From February 5, 2020 to March 5, 2020, a total of 50 patients with severe COVID-19 admitted to the Department of Respiratory and Critical Care Medicine of the First People's Hospital of Jiangxia District, Wuhan, China were enrolled in the trial after approval by the ethics committees. All patients were confirmed as COVID-19 positive by either a reversetranscriptase-polymerase-chain-reaction (RT-PCR) assay or clinical diagnosis according to the Guidelines for the Prevention, Diagnosis, and Treatment of Pneumonia Caused by COVID-19 (version 5) issued by the National Health Commission of the People's Republic of China [24] . Patients meeting any of the following diagnostic criteria were considered as severe patients: respiratory rate (RR) ≥ 30 bpm in calm state, pulse oxygen saturation (SpO 2 ) ≤ 93% while breathing ambient air in resting state, oxygenation index (a ratio of the arterial partial pressure of oxygen to the fraction of inspiration oxygen, PaO 2 /FiO 2 ) ≤ 300 mmHg, or respiratory failure (PaO 2 ≤ 60 mmHg with or without carbon dioxide retention under standard conditions).

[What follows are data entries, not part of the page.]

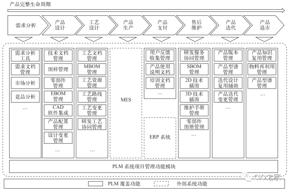 产品生命周期管理系统 (Production Life-cycle Management,PLM) 是传统产品信息管理系统 (ProductData Management,PDM)在功能上的延伸。其与企业资源管理系统 (Enterprise Resource Planning,ERP)一样是企业数字化转型中的重要支柱,区别在于,PLM 管理的对象是所有与产品相关的数据,其管理涵盖产品的整个生命周期,其中不仅包括图样、BOM 和生产工艺等,还囊括了需求管理、产品供应链管理、产品售后维护和项目管理等,其具体功能结构如图2所示。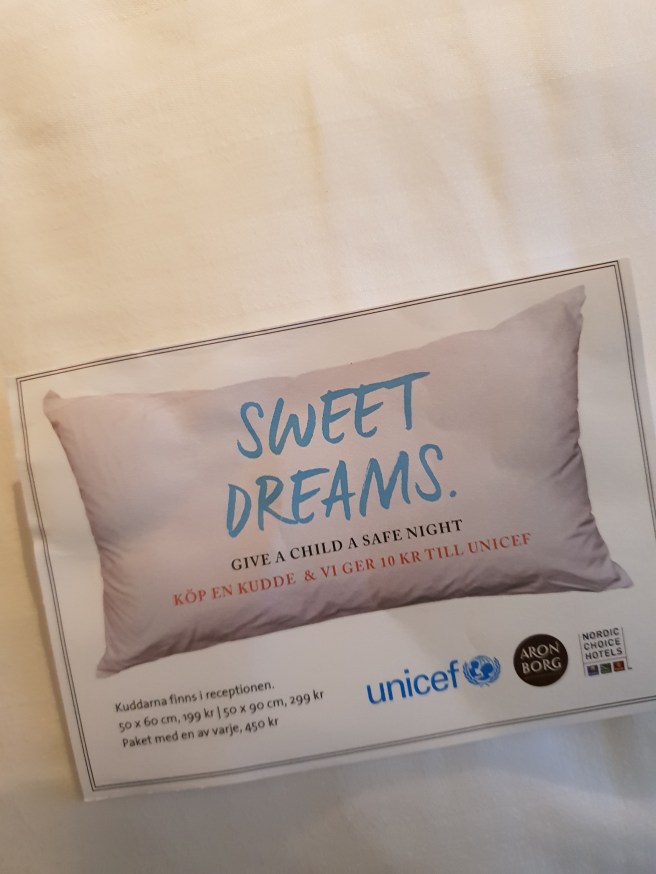 Jag brukar alltid säga att de så ofta har sköna kuddar på hotell. I Sverige o alla fall, kanske jag ska tillägga… Och jag har dessutom börjat tänka att jag skulle behöva ny kudde. Så det här var ju bra timing!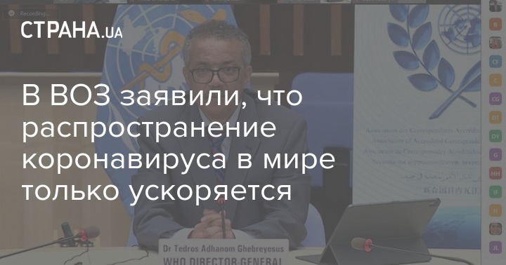 Гендиректор Всемирной организации здравоохранения Тедрос Адханом Гебрейесус констатировал, что темпы распространения коронавируса ускоряются. Также он считает, что пандемия коронавирусной инфекции еще не достигла пика.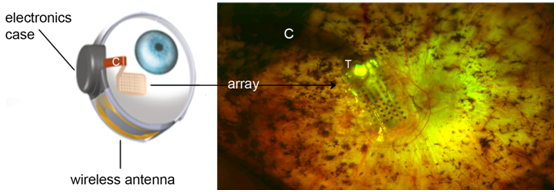 Figure 2 Internal (implanted) components of the Argus II retinal prosthesis. Left: Illustration shows orientation of implanted components around the eye, including the electronics case and wireless antenna receiving coil secured similar to a scleral buckle and the cable (C) that terminates at a 60-electrode array secured via retinal tack (Image courtesy of Second Sight Medical Products, Inc.). Right: Scanning laser ophthalmoscope image shows the 60-electrode array fastened by retinal tack (T) to its correct position over the macula. The glasses hold a miniature video camera in the nasal bridge that transmits images to the VPU, which in turn converts the images into data that can be sent to the internal electronics package. This data stimulates the electrode array to emit small electrical pulses that excite remaining viable inner retina cells, including ganglion cells. These artificially stimulated retinal ganglion cells then transmit signals through their axons to the lateral geniculate nucleus and on to occipital cortex, which perceives light patterns. Finally, patients then piece together these light patterns to create vision.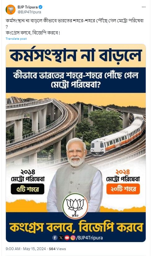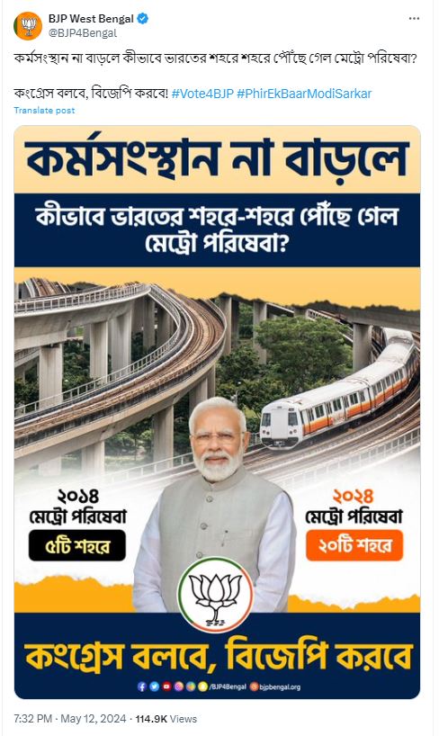 ಪ್ರಧಾನಿ ನರೇಂದ್ರ ಮೋದಿಯವರ ಫೋಟೋ ಮತ್ತು ಹಿಂಭಾಗದಲ್ಲಿ ಮೆಟ್ರೋ ರೈಲು ಸಾಗುತ್ತಿರು ಚಿತ್ರವಿರುವ ಈ ಪೋಸ್ಟರ್ ಜೊತೆಗೆ “ಉದ್ಯೋಗ ಸೃಷ್ಟಿಯಾಗುತ್ತಿಲ್ಲವಾದರೆ, ಮೆಟ್ರೋ ಸೇವೆಗಳು ಭಾರತದ ವಿವಿಧ ನಗರಗಳನ್ನು ತಲುಪಿದ್ದು ಹೇಗೆ? 2014 ರಲ್ಲಿ 5 ನಗರಗಳಲ್ಲಿ ಇದ್ದ ಮೆಟ್ರೋ ಸೇವೆಗಳು ಈಗ 20 ನಗರಗಳಿಗೆ ವಿಸ್ತರಿಸಿವೆ” ಎಂದು ಬರೆದುಕೊಳ್ಳಲಾಗಿತ್ತು.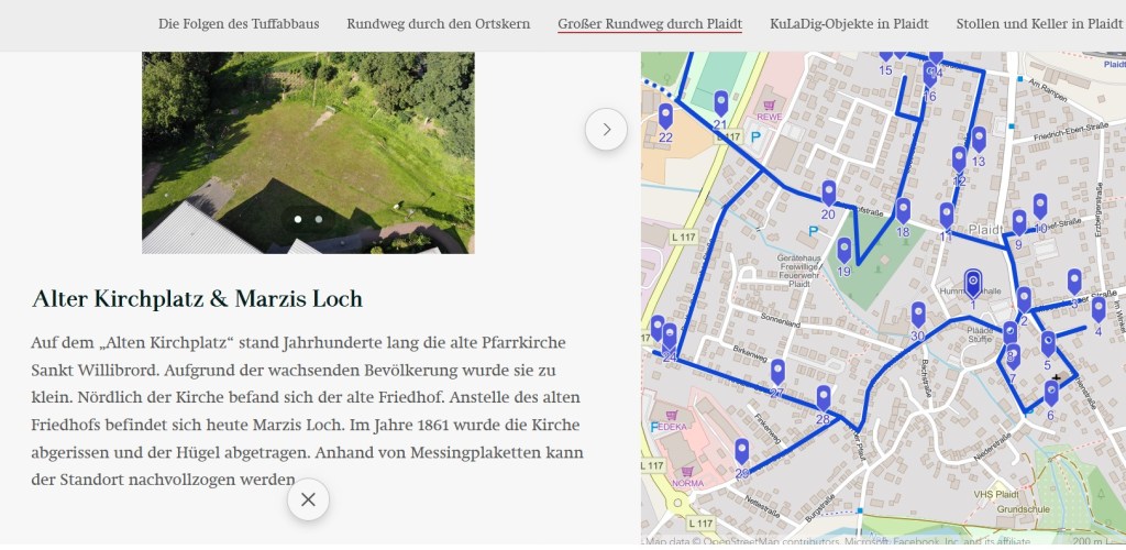 Der Abschnitt „Großer Rundweg durch Plaidt“ enthält einen Textteil (links) und eine Karte (rechts). Den Textteil kann man scrollen, so dass man die Objekte (insgesamt 30) nacheinander angezeigt bekommt. Je nach Objektanzeige im linken Abschnitt wechselt auch die Objektverortung in der Karte.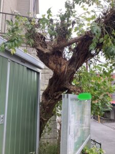 倒れた先は地域の掲示板です。ものすごいピンポイントで掲示板の上にひと枝だけで支えられている状態でした。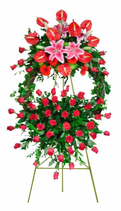 Todo cambia, cosas van y cosas vienen; quien somos nosotros para decir que se queda, solo podemos aceptarlo... Corona Flores Anturios Rojos Arreglo floral funebre tipo corona con aro de mimbre y estructura de metal. Cuenta con rosas importadas, anturios, gerberas, lilum, hortencias y follaje decorativo.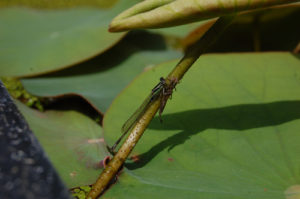 ご来館されたお客さんと一緒にまわりの観察をすすめると、すぐ近くにまもなく飛び立ちそうなイトトンボの姿をみつけました。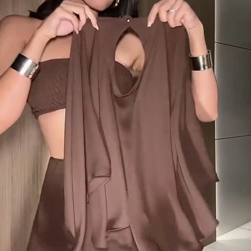 KURZES TOP MIT FLIEßENDEM RÜCKENSAUM – Dieses zweiteilige Set besteht aus einem trendigen, unregelmäßigen, kurzen Top, das Ihre Taille betont und einen verspielten, fließenden Rückensaum für mehr Bewegung und Weiblichkeit bietet. Der Minirock vereint modernen Charme mit müheloser Anmut.
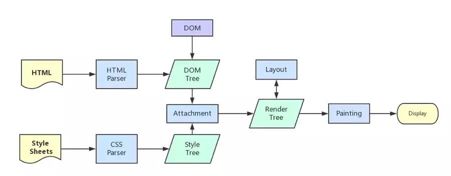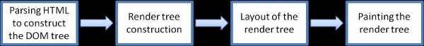1.解析HTML建立dom树 2.解析css构建render树(将CSS代码解析成树形的数据结构,然后结合DOM合并成render树) 3.布局render树(确定每个节点在屏幕上的位置) 4.绘制render树(遍历render树,并使用UI后端层绘制每个节点)
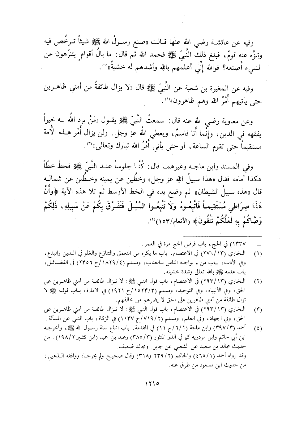 وَفِي الْمُسْنَدِ وَابْنِ مَاجَهْ وَغَيْرِهِمَا قَالَ: كُنَّا جُلُوسًا عند النبي -صَلَّى اللَّهُ عَلَيْهِ وَسَلَّمَ- فحط خَطًّا هَكَذَا أَمَامَهُ فَقَالَ: "هَذَا سَبِيلُ اللَّهِ عَزَّ وَجَلَّ" وَخَطَّيْنِ عَنْ يَمِينِهِ وَخَطَّيْنِ عَنْ شِمَالِهِ قَالَ: "هَذِهِ سَبِيلُ الشَّيْطَانِ" ثُمَّ وَضَعَ يَدَهُ فِي الْخَطِّ الْأَوْسَطِ ثُمَّ تَلَا هَذِهِ الْآيَةَ {وَأَنَّ هَذَا صِرَاطِي مُسْتَقِيمًا فَاتَّبِعُوهُ وَلَا تَتَّبِعُوا السُّبُلَ فَتَفَرَّقَ بِكُمْ عَنْ سَبِيلِهِ ذَلِكُمْ وَصَّاكُمْ بِهِ لَعَلَّكُمْ تَتَّقُونَ} [الْأَنْعَامِ: 153] 4.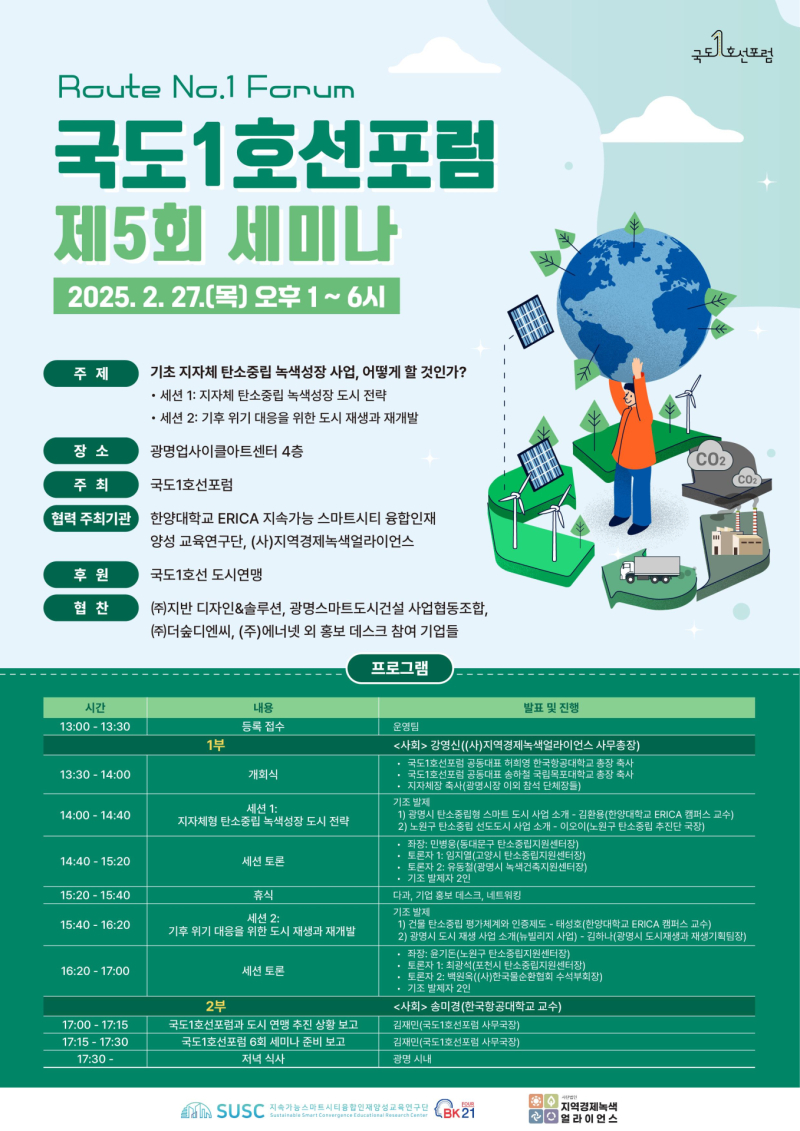 24일 시에 따르면, 오는 27일 광명업사이클아트센터에서 열리는 이번 세미나는 국도1호선포럼, 한양대학교 ERICA 지속가능 스마트시티 융합인재 양성 교육연구단, (사)지역경제녹색얼라이언스가 협력해 기후 위기 대응과 탄소중립 정책 방향을 논의합니다. 후원 기관인 ‘국도1호선 도시연맹’은 국도1호선을 따라 위치한 지자체 간 경제 협력을 도모하는 연합체로, 현재 경기 고양시, 광명시, 오산시, 전남 목포시 등 7개 시·군·구가 참여하고 있습니다.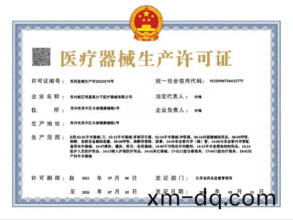 醫療器械生産許(xu)可證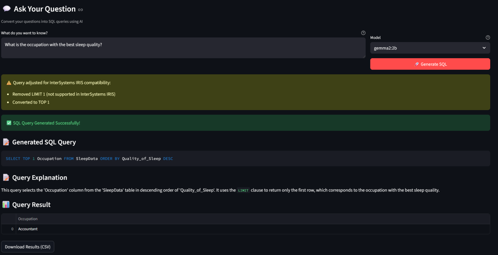 • The model (running locally via Ollama) translates it into SQL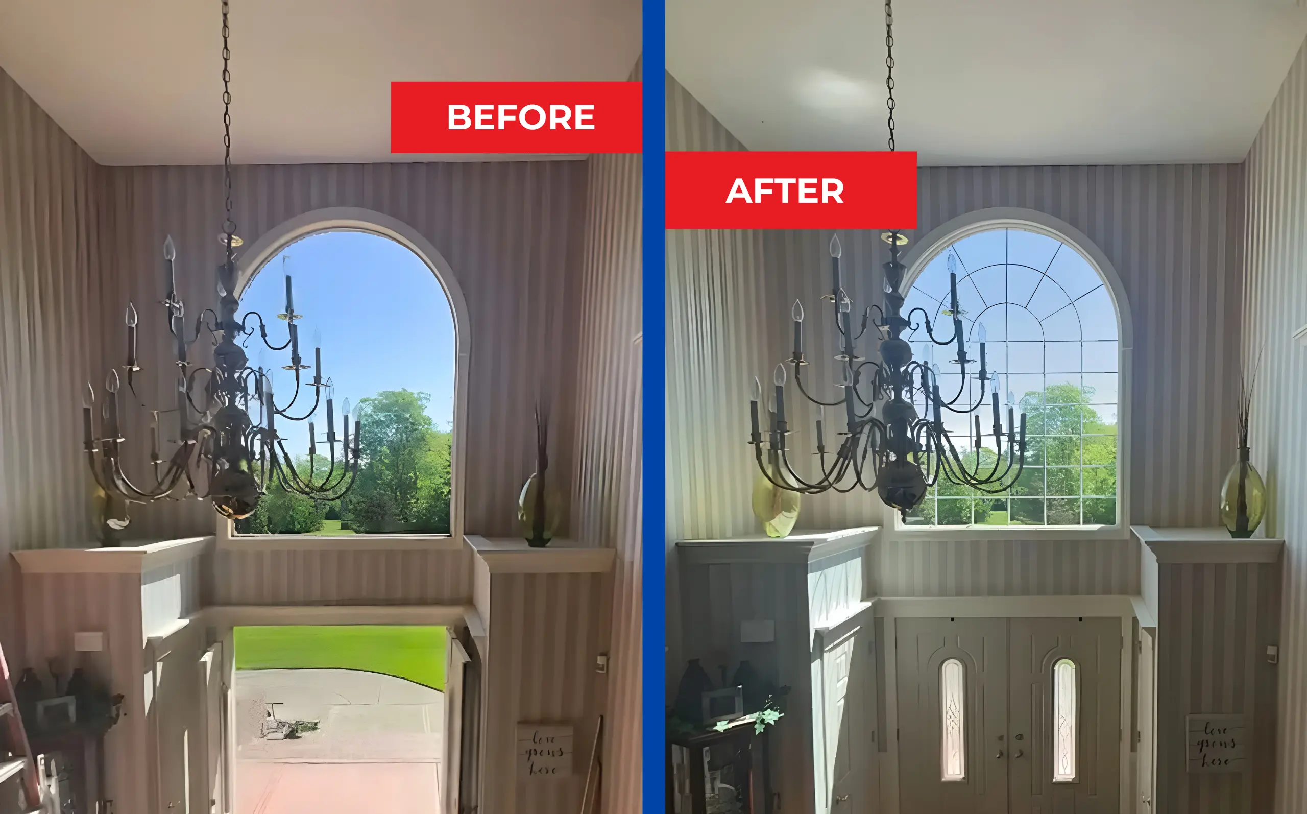 Discover how APEX restored clarity with foggy glass replacement in Fairview Park, OH, transforming a cloudy arched window into a beautiful feature.

Main exclusion criteria included age < 18 years old, pregnancy, history of arrhythmia, chronic respiratory failure caused by other diseases such as heart failure, thoracic deformity, structural lung disease, hemodynamic instability, severe immunodeficiency, recent use of immunosuppressants, allergies, estimated survival time < 3 days, withdrawal from research or return visits. Severe COVID-19 patients admitted to the hospital mainly presented with hypoxemia, and very few were hemodynamically instable. Hemodynamic instability in patients with end-stage COVID-19 is mostly caused by factors such as high-dose sedation, muscle relaxation, and high-strength mechanical ventilation etc. Good stability of the blood pressure of the enrolled patients was observed in this study. Survival time was estimated by two experienced clinicians. Patients with persistent severe hypoxemia that was difficult to correct, recurring malignant arrhythmia, coma, severe gastrointestinal dysfunction, and uncontrollable gastrointestinal bleeding were excluded to avoid difficulty in the observation of drug efficacy. Written informed consent was obtained from all patients or their legal representatives. The trial was registered at ChiCTR.org.cn (registration number: ChiCTR2000030704) and conducted in accordance with the principles of the Declaration of Helsinki and the Good Clinical Practice guidelines of the International Conference on Harmonisation.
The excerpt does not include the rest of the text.